The paper addresses the challenge of deploying capable AI models in open-world institutions by proposing 'intent compilation'—transforming partially specified human purpose into inspectable artifacts. It formalizes residual openness as a closure-gap vector and delegation envelopes, distinguishing misclosure from undersearch, and outlines benchmark metrics for testing when closure interventions outperform additional inference-time search.
Recent work has framed intelligence in verifiable tasks as reducing time-to-solution through learned structure and test-time search, while systems work has explored learned runtimes in which computation, memory and I/O migrate into model state. These perspectives do not explain why capable models remain difficult to deploy in open institutions. We propose intent compilation: the transformation of partially specified human purpose into inspectable artifacts that bind execution. The relevant deployment distinction is closed-world solver versus open-world agent.

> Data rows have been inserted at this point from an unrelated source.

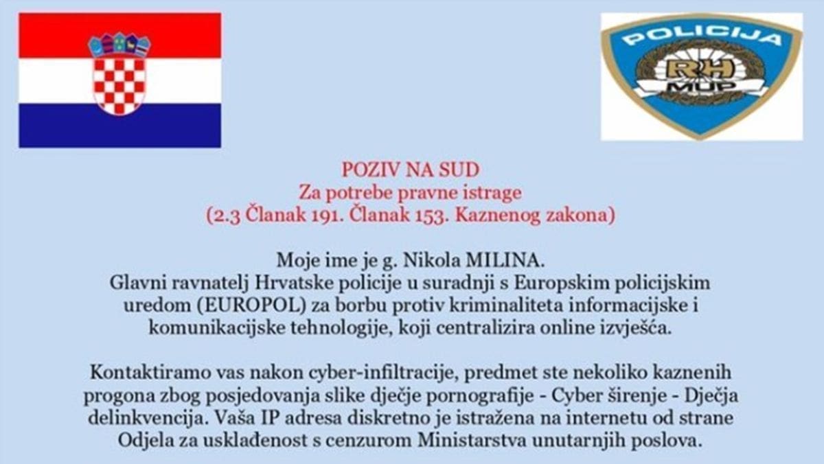 NA veći broj adresa elektroničke pošte različitih primatelja u Hrvatskoj dostavljena je LAŽNA PORUKA u kojoj se nepoznate osobe predstavljaju kao ministar unutarnjih poslova Davor Božinović, glavni ravnatelj policije Nikola Milina, načelnik Uprave kriminalističke policije Antonio Gerovac i načelnik Sektora općeg kriminaliteta i međunarodne policijske suradnje Dalibor Jurić te navode kako je primatelj poruke osumnjičen za više različitih kaznenih djela i traže od primatelja da odgovori na poruku, a sve s ciljem pribavljanja protupravne imovinske koristi, objavio je MUP, piše Index.
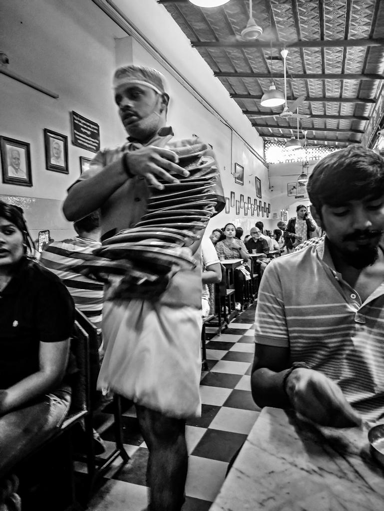 A2B has options of both table service as well as self-service. Vidyarthi Bhavan on the other hand, despite the massive rush, has no self-service. The servers bring the dosas, 15-20 at a time, stacked atop each other and dexterously supported using the arm and forearm. With deft precision and impeccable memory, he serves up whatever each customer asked for: plain, masala, or sago dosa, each of them a brown, crisp semicircle on a round, steel plate. The other half of the plate gets filled next by another server, who closely follows suit and pours the coconut chutney into the empty space. Tableside theater at budget price.
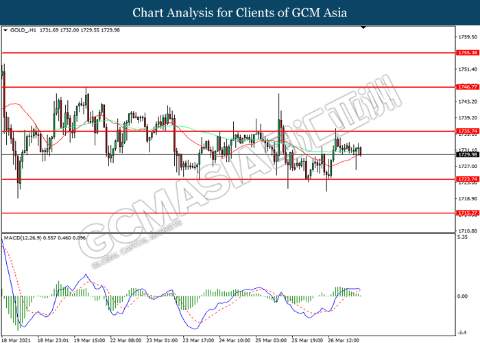 GOLD_, H1: Gold price was traded lower following prior retracement from the resistance level at 1735.75. MACD which illustrated diminishing bullish momentum suggest the commodity to extend its losses toward support level at 1723.75.

In closed worlds, a checker is largely given; in open worlds, verification is distributed across semantic, evidentiary, procedural and institutional dimensions. Weformalize this residual openness as a closure-gap vector, define delegation envelopes as pre-authorized regions of action space, distinguish misclosure from undersearch, and outline benchmark metrics for testing when closure interventions outperform additional inference-time search.